The mannequins can be eerily lifelike and range in age and size from newborns, infants and children to adult women and men. Some are used for more basic procedures, such as fractures or burns, while the “high-fidelity” simulators can be programmed to replicate more advanced situations.

“The mannequins bring everything to life and can make you think they are real people,” Hill said. “The first time I did a birthing simulation, I was afraid of dropping the baby. It really puts you into the mindset where you have to think, react and perform the right procedure.”

It’s this mindset that Ascension Seton leaders were looking to cultivate when the idea for a live skills center first emerged. Yvonne VanDyke, senior vice president for nursing and clinical education, noted the center is a collaborative effort involving leaders from area nursing and allied health programs, as well as community leaders concerned about the future of medical education locally.
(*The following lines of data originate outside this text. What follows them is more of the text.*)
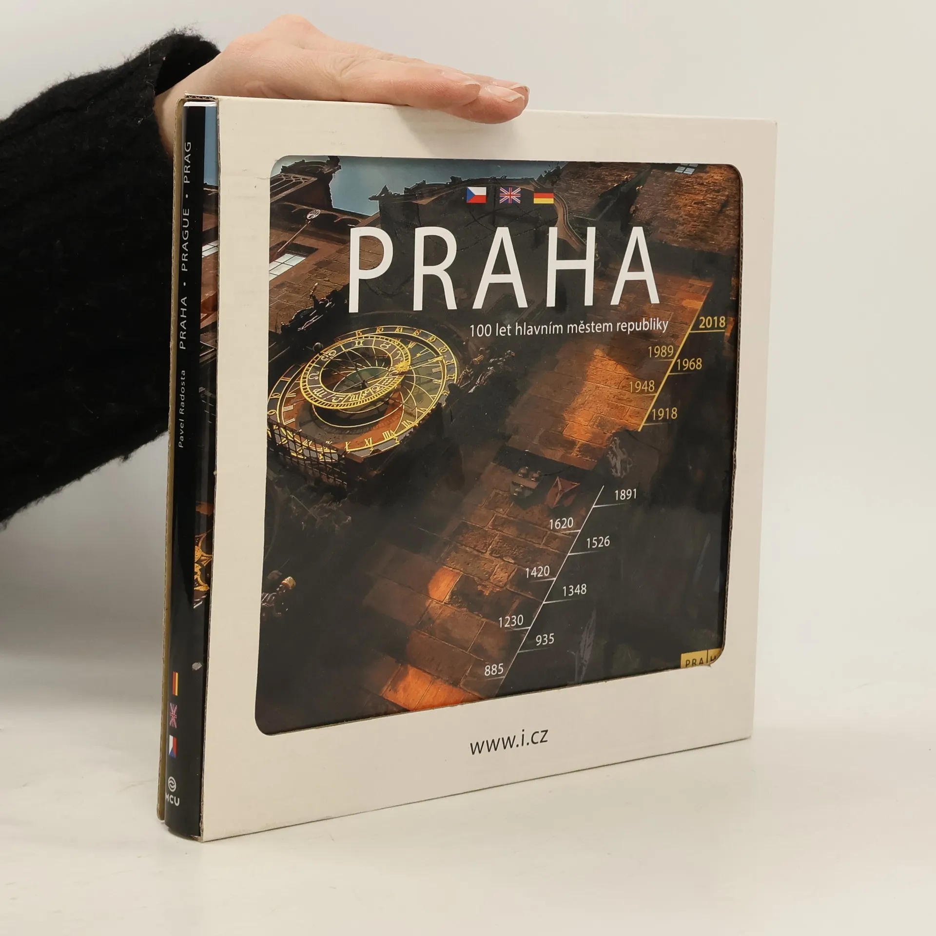 "Klasické" i zcela neznámé pražské motivy, často zamyšlené či zasněné, někdy až melancholické, ale vždy nové a nečekané pohledy na Matku měst objektivem Pavla Radosty, redaktora časopisu Moje země. Praha – pro umělce nekonečná inspirace. A ačkoli by se mohlo zdát, že už byla zachycena ve všech svých podobách, denních a ročních dobách, i náladách, a že už není možné podívat se na ni znovu jinak, nově, Pavlovi Radostovi, fotografovi a redaktorovi časopisu Moje země, se to podařilo. Kniha přináší opravdu jedinečný soubor fotografií, které mají daleko k jakékoli strohé popisnosti, ale o to více podněcují čtenářovu fantazii a nejednou mu vnucují otázku, odkud je ten který úžasný záběr vlastně pořízený…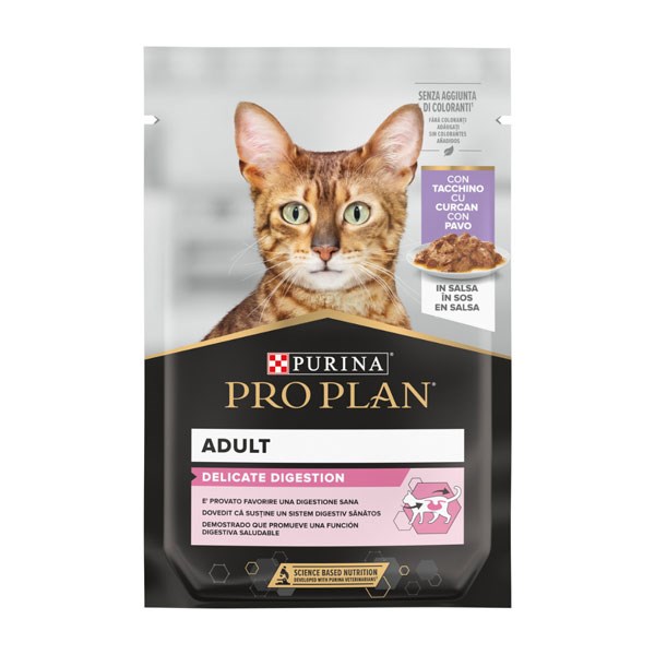 پوچ گربه پروپلن مدل دلیکیت با طعم بوقلمون (Purina Pro Plan Nutrisavour Delicate)همچنین سرشار از اسیدهای چرب امگا 3، DHA و EPA است که می تواند به کاهش ناراحتی احتمالی پوست مرتبط با حساسیت غذایی کمک کند. این اسیدهای چرب همچنین از سیستم عصبی، ایمنی و قلبی عروقی گربه شما حمایت می کنند.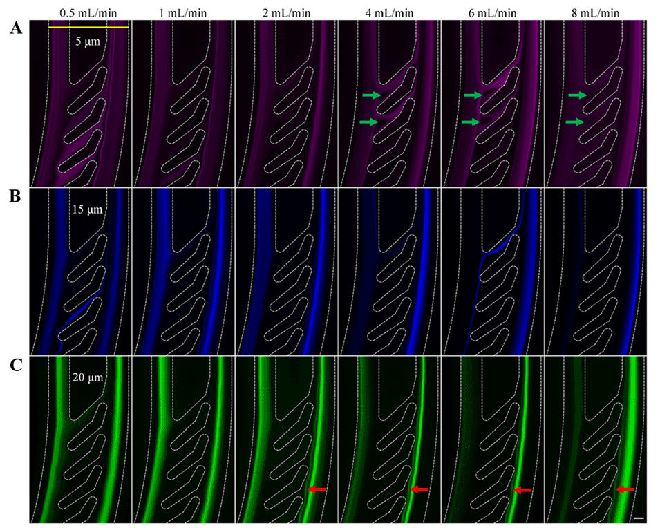 图5.荧光流图像显示了不同流速下(A)5、(B)15和(C)20μm颗粒在出口区域的轨迹。伪彩色的5、15和2020μm颗粒分别用红色、蓝色和绿色表示。图像中的白色虚线标记了通道壁。比例尺为100μm。绿色箭头指示过滤叶之间的回流区域位置。红色箭头指示“反弹”运动发生的位置。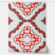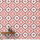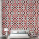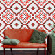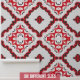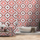 Ce papier peint peel and stick présente un design captivant et audacieux. Le papier peint présente un motif géométrique répétitif. Il se compose de formes diamant et qua-trefoil disposées de manière complexe. Chaque diamant renferme un qua-trefoil qui, à son tour, contient un motif diamant plus petit au centre. L'effet global est visuellement captivant. Les couleurs dominantes sont le rouge, le blanc et le noir. Ces teintes créent un contraste saisissant et évoquent un sentiment de vibrations. Le style s'inspire de l'art marocain traditionnel. La géométrie symétrique et la répétition rythmique rappellent les motifs de carreaux marocains.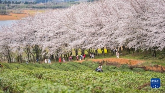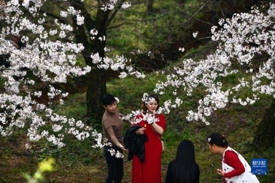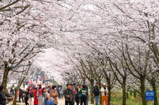 近日,貴州省貴安新區(qū)櫻花園內的2.4萬畝櫻花競相綻放,如雪似霞,吸引游客前來賞花觀光。
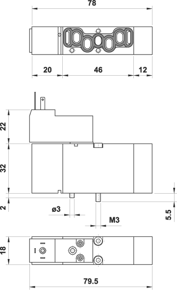 VDMA 18 mm 5/2 comando elettrico 24V DC, ritorno a molla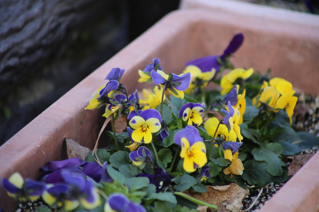 戸外のプランターのビオラも、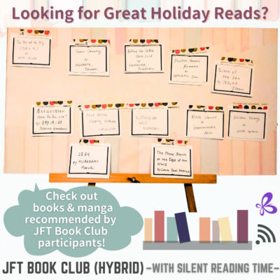 Join our next JFT Book Club (Hybrid) meeting where you are invited to read a book in silence in the library (or wherever you want if participating virtually) and engage in optional discussion with fellow book lovers interested in Japanese culture.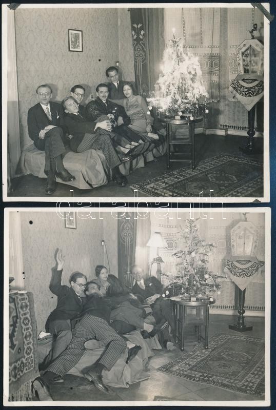 1930 karácsonya, Berlin: Keresztury Dezső író, későbbi vallás- és közoktatásügyi miniszter; felesége, Seiber Mária zongoraművésznő; Gombosi Ottó zenetörténész, zenekritikus; Kerényi György zeneszerző, népzenekutató, karnagy, később Bartók Béla és Kodály Zoltán munkatársa valamint Wernitz István, 2 db vintage fotó, egyik hátoldalán feliratozott, datált és albumba ragasztás nyomaival, 8,5x11,5 cm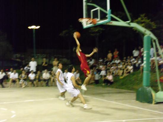 身高只有1.76米的树仔队12号詹江余,在昨晚对霞洞队的比赛中扣篮成功,引起全场喝彩、掌声如雷。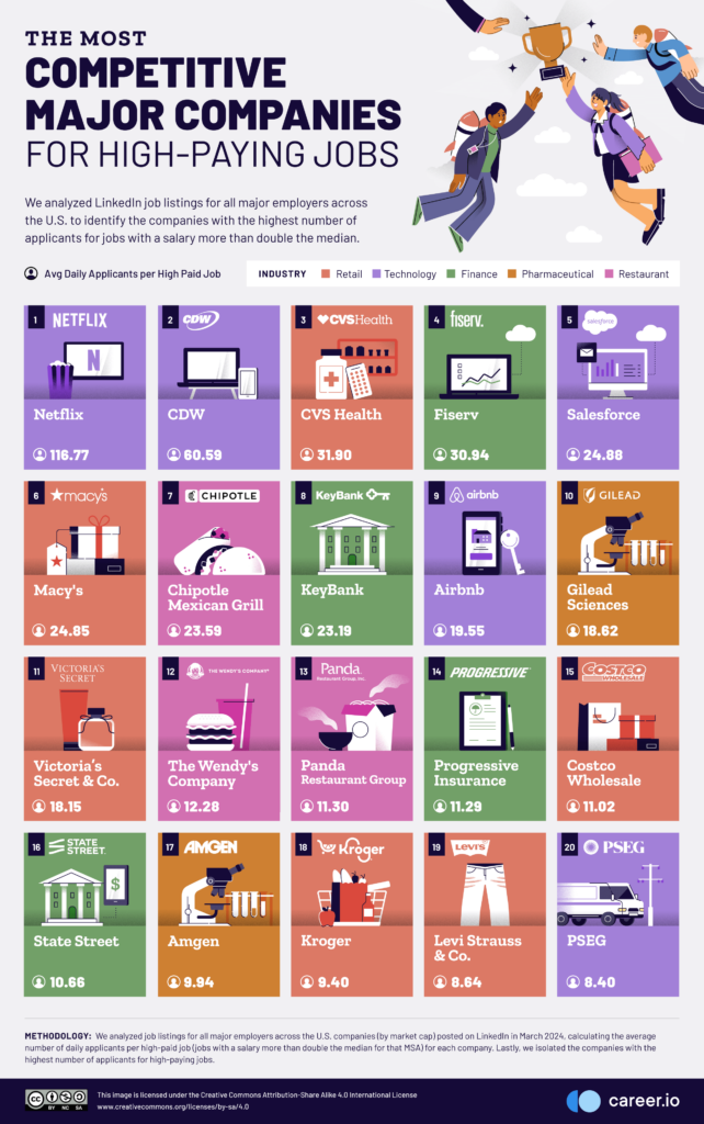 Following their guide to the least competitive regions for highly paid jobs in America, Career.io now presents their ranking of the employers currently offering high-paying roles that receive the most and fewest applicants to help you land the job you’ve been looking for.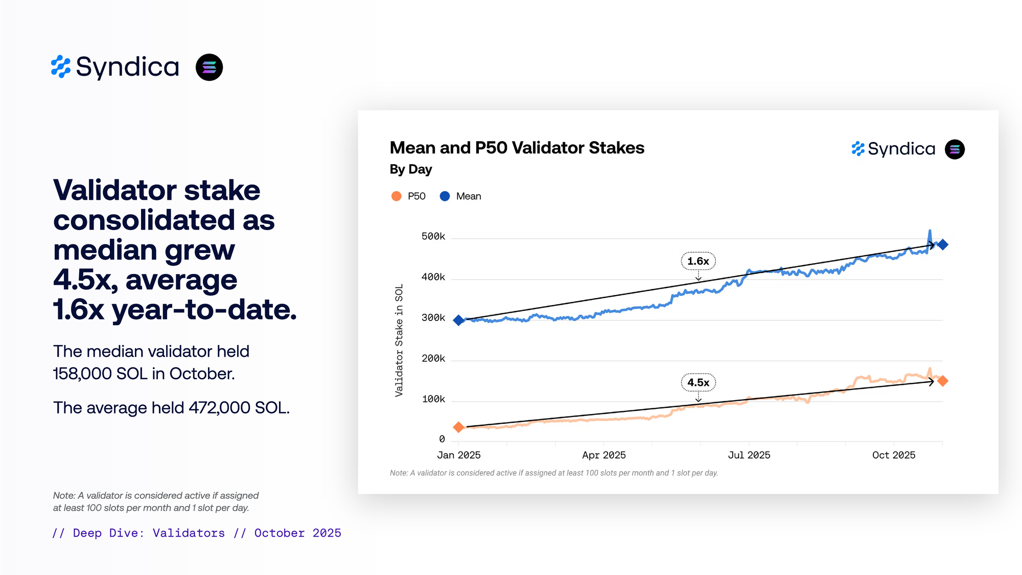 Validator stake consolidated as median grew 4.5x, average 1.6x year-to-date. The median validator held 158,000 SOL in October. The average held 472,000 SOL.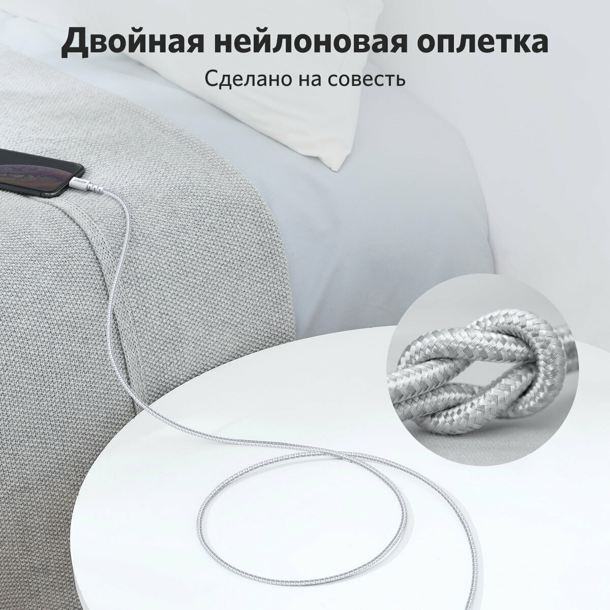 Кабель ANKER PLS+ USB-C->MFI Lightning A8617, 0.9 м, 1 шт., белый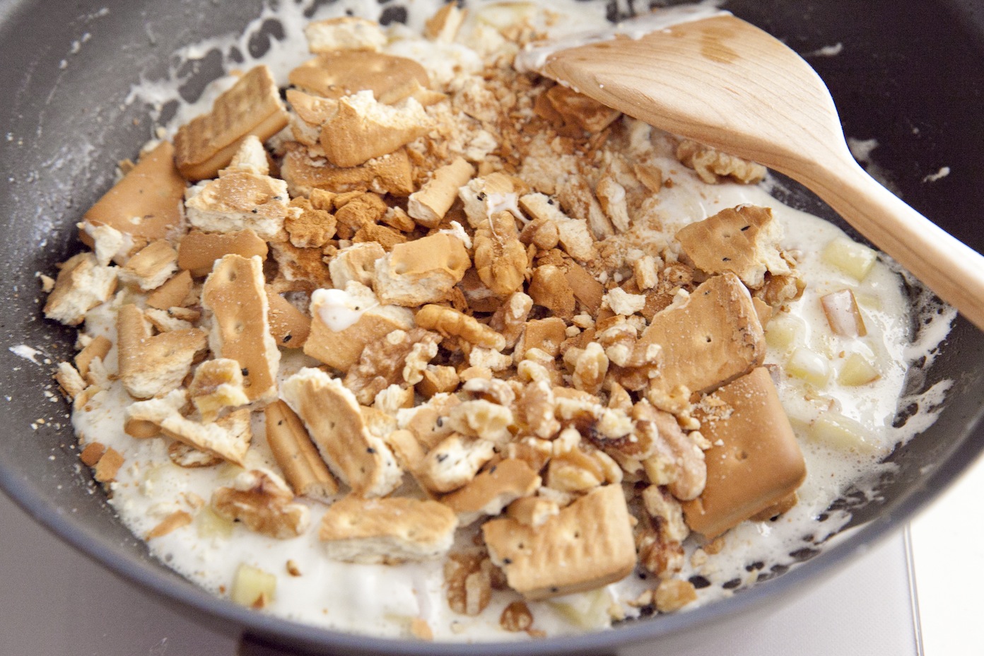 ③マシュマロが溶けたら乾パン、くるみ、シナモンを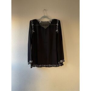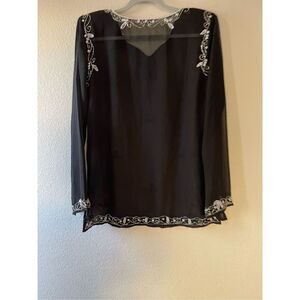 No flaws. Beautiful beading all over the front. Sheer silk. Size xl.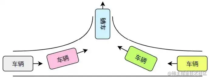 互斥问题在现实中的一个典型场景就是交叉路口的多辆车汇入一个单行道,如图6所示。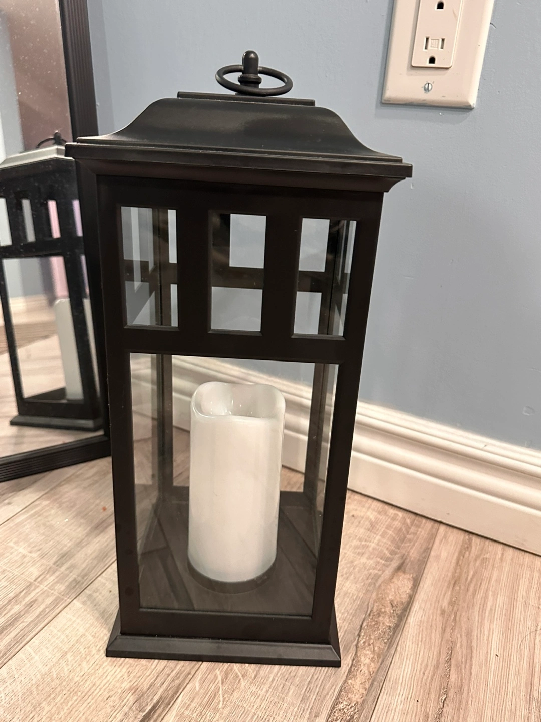 Black metal lantern. Glass panels. LED candle included. Perfect for indoor or outdoor decor. Its in great condition .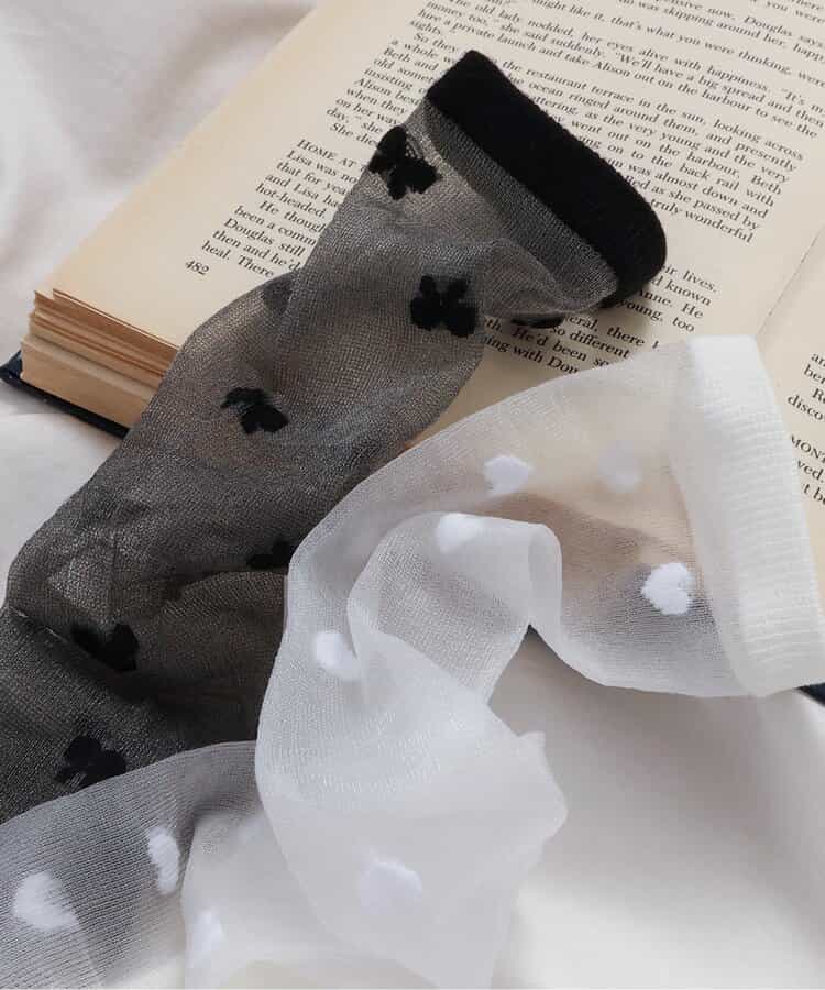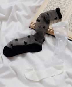 【12/4(木)21:00~販売】apres les cours(アプレレクール)のタイツ・ソックス「リボン・ハート柄シアーハイソックス」は、足元からおしゃれになれるデザイン。おようふくとのスタイリングも楽しんで。靴下のSS・S・10-12cm・13-15cm、タイツの70-80cm・80-90cm・90-100cmには基本的に靴下に滑り止め加工がございます。(一部除外あり)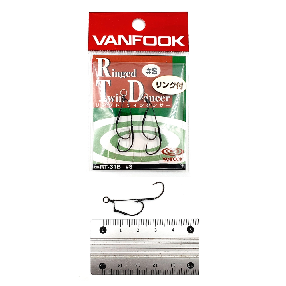 Узнать подробнее про - Крючки ассисты Vanfook TD-41B, #S. Twin Dancer - японские одинарные крючки-ассисты от бренда Vanfook. Класс мощности - "standart". Предназначены для оснащения лососевых блесен и других приманок небольшого размера. На одном подвесе располагаются сразу 2 крючка (друг под другом), что обеспечивает лучшую засекаемость рыбы. Фирменные крючки Vanfook изготовлены из прочной проволоки, которая превосходно "держит" рыбу в процессе вываживания. Представлены в двух расцветках: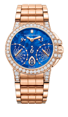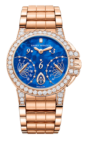 レトログラードとオフセンター配置の時・分表示というHW オーシャン・コレクションを象徴する2つの要素が圧倒的な存在感を放つ一方で、マザー・オブ・パールの美しい色彩とダイヤモンドの輝きがその魅力をさらに引き立てます。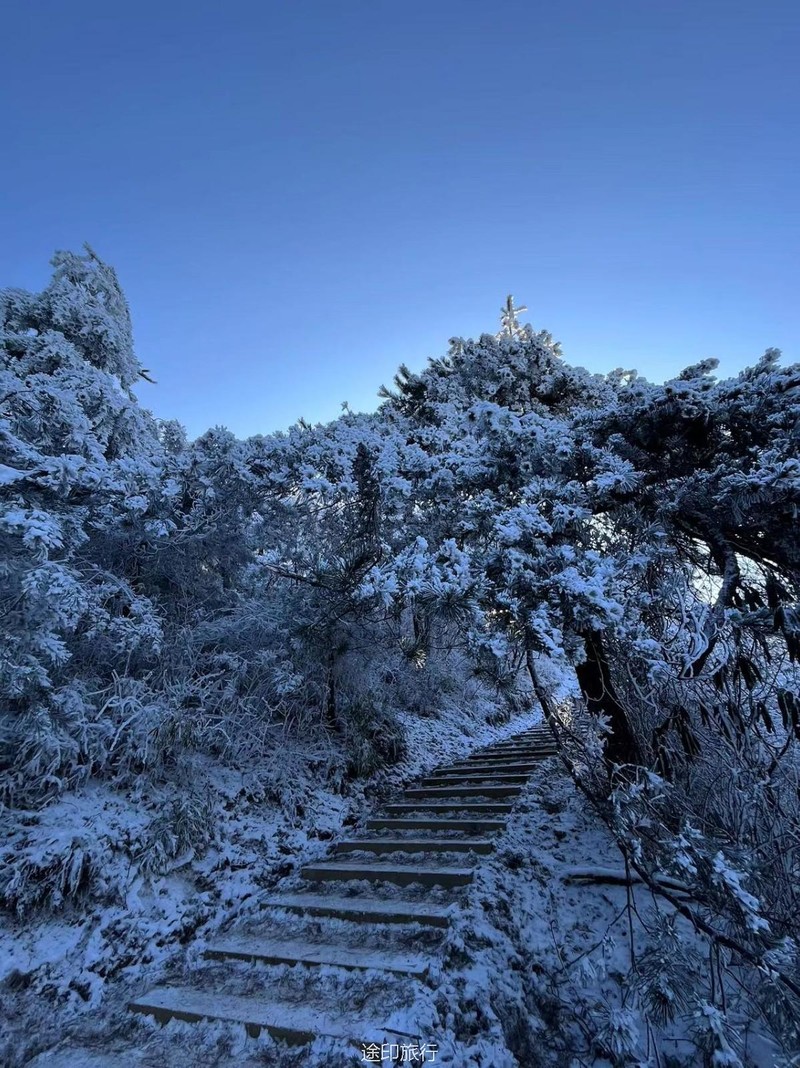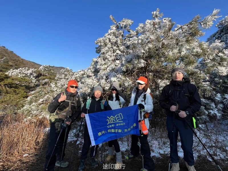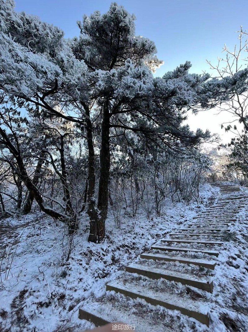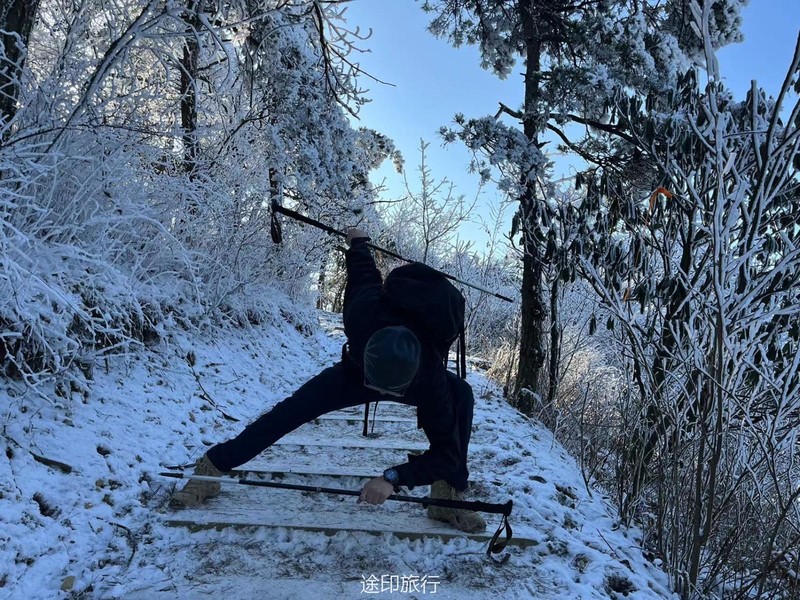 队员们纷纷说道,是不是没有雪了?当天10度的气温让我们感到有些疑惑,我们一路向山而行,从海拔300米一路爬升到1500米,终于遇到了童话世界里的冰雪王国。

“There is a need within the community to provide a pipeline to support the future of care,” VanDyke said, “so we responded and now have the space and resources to support learning all the way from nursing and medical students who have never experienced care in a live setting to experienced clinical staff looking to operationally improve the patient experience or test new devices.”

As Central Texas’ largest clinical educational facility, the CEC plays a critical role in healthcare education. It hosts bioskills labs, where physicians can learn new procedures and be trained on using new medical devices. It also has a medical library, conference rooms and computer labs.

Ascension Seton has educational partnerships with Austin Community College, Concordia University and Texas Tech University, whose students regularly use the CEC. With the opening of Dell Medical School at The University of Texas in 2016, VanDyke said Ascension Seton envisions growing these relationships while exploring new opportunities to play a greater role in medical education.

For now, Hill looks forward to coming to work each day to see what’s in store.

“I love the teamwork we have here and love the creative freedom to own my projects,” he said. “More importantly, I like knowing that what I do can help young nurses and physicians make the transition to offer the best patient care – and maybe help save someone’s life.”